Was neue Produkte betrifft: Wir bringen demnächst einen neuen, ethisch orientierten australischen Aktien-ETF auf den Markt. Er stammt von einem anderen Indexanbieter, ist aber quasi eine ESG-gefilterte Version von VAS. Er schließt fossile Brennstoffe, Alkohol, kontroverse Waffen und einige andere Posten aus.
Wir bringen diesen ETF auf den Markt, weil ESG immer wichtiger wird, besonders seit den Buschfeuern im letzten Sommer.
Vanguard ist gemeinnützig, richtig? Ich habe das Gefühl, das wird bei Ihnen unterspielt.
Unser Gründer Jack Bogle strukturierte Vanguard als genossenschaftlich organisierte Fondsgesellschaft, ohne externe Eigentümer.
Vanguards Eigentümerstruktur ist außerhalb der USA nicht replizierbar. Sie prägt jedoch die Kultur und die Politik von Vanguard weltweit.
In Australien sind wir eine Tochtergesellschaft der US-Muttergesellschaft. Australier profitieren von unserer Größe und der Struktur unserer US-Muttergesellschaft. In den letzten 10 Jahren haben wir in Australien 25 Gebührensenkungen bei der Fondsverwaltung vorgenommen.
Was ist Ihr Lieblings-ETF?
Wenn ich wählen müsste, würde ich VAS sagen.

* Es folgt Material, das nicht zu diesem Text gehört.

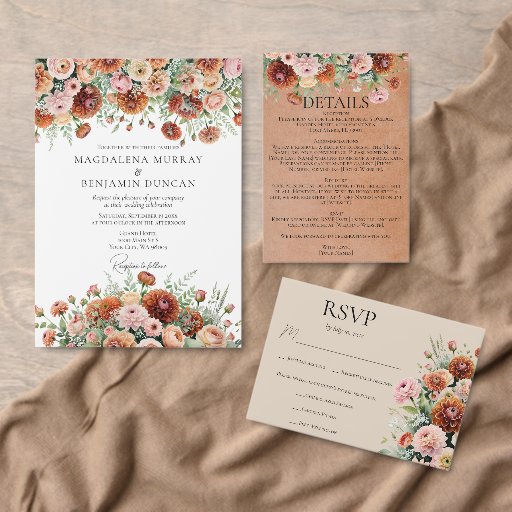 Design floral Elegante de aquarelas, com flores de dahlia, ranúculus, rosas, hálito de bebê e verde-azul. Este buquê romântico apresenta uma rica paleta colorida de cor laranja-ferrugem, combinada com verde-sábio, champanhe e tons rosa-claros. Ideal para casamentos outono, temas de blog e eventos inspirados em vintage. Perfeito para chic rústico, boêmia moderna ou estilos de casamento de jardim.

Meine ersten Anlageerfahrungen sammelte ich während der Privatisierung von Vermögenswerten wie der Commonwealth Bank und Telstra. Das war meine Einführung in die Geldanlage. VAS ist ein großartiges Vehikel, um die Öffentlichkeit über diversifizierte Portfolios aufzuklären. Und als Einstieg in den ETF-Markt. Es öffnet die Tür für diese beiden Gespräche mit Anlegern.